Broncos All-Time Top 5 QBs: The Hall of the Mountain King
John Elway becomes a legend. The Big Hummer defies time. Brian Griese tumbles down a driveway.
BEHOLD! ‘TIS I: ANGRY STORM GOD ELWAY, INFORMING THEE THAT I HAVE CAST MY DIVINE COUNTENANCE UPON THESE RANKINGS AND FOUND THEM PLEASING.
(I considered writing this whole feature in all caps and Walt Simonson Odin-speak. Then I remembered this is my primary source of income.)
1. John Elway
Once upon a time, as long removed from today as the Great Depression was to then, there was a quarterback so talented as an overall athlete that two different major league baseball teams tried to draft him as an outfielder. His senior college season coincided with a strike that wiped out half the NFL season. On any given weekend in the autumn of 1982, he was the best quarterback on television. In a time of tumult and chaos, he looked like a potential savior: for a franchise, or perhaps even a league.

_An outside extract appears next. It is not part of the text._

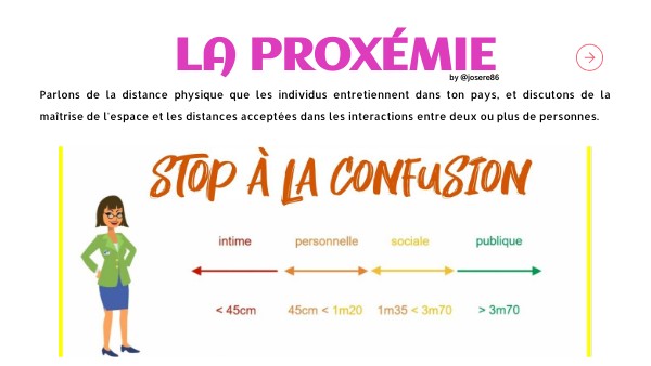 Activité interactive pour discuter en classe FLE sur les distances accepées selon une culture ou des codes comportamentaux. Une opportunité aussi pour parler du respect du corps et des femmes.

A cantankerous old drunkard drafted him and tried to force him to join what was left of his crumbling bayside empire. The upstart refused. He threatened to play baseball instead. The flamboyant king of the realm’s most storied sports franchise publicly wooed him. The young quarterback was threatening the very institution of professional football before he ever took a snap! Eventually, a peace was brokered, and the hotshot journeyed to the mountain kingdom, a place of great barrenness and sorrow.
At first, the quarterback was so shaky that he sometimes lined up behind the guard instead of the center. (“Wrong guy! Wrong guy!” his teammates shouted.) But he grew up quickly, suddenly. Tales circulated of the “Elway Cross,” the stigmata delivered by the young crusader, whose passes delivered such a blow to their receivers that the stitching on the football branded their chests.
His team reached the playoffs in his second season, the Big Game in the fourth. The youngster became a seasoned veteran. His college rivals became his pro rivals: the cocky Miami kid, now in Buffalo; the party boy from Pittsburgh, now in Miami. They dueled in the regular season and the playoffs. They were brash. A little arrogant. They smashed records. They reset expectations.
Oh, but the ultimate prize eluded our hero. His team was trounced by Giants in his first trip to the Big Game. A well-oiled machine from the Capital City embarrassed him in the second. The glittering Champion of His Era donned his golden armor and absolutely humiliated him in the third. The quarterback developed a reputation, one his detractors seized upon: he could not win the Big Game.
Of course he could not win the Big Game. Not by himself! He had no Hogs or Smurfs to do his bidding, no sorcerers of the west coast drawing up his battle plans. His defenses were strong, but he often appeared to be charging into the breach by himself. Still, the mountain kingdom, which had never tasted victory, always teetered on the brink of rebellion against their not-quite savior. Now it was being tantalized annually. Better to be jesters in silly striped socks than endure such a fate.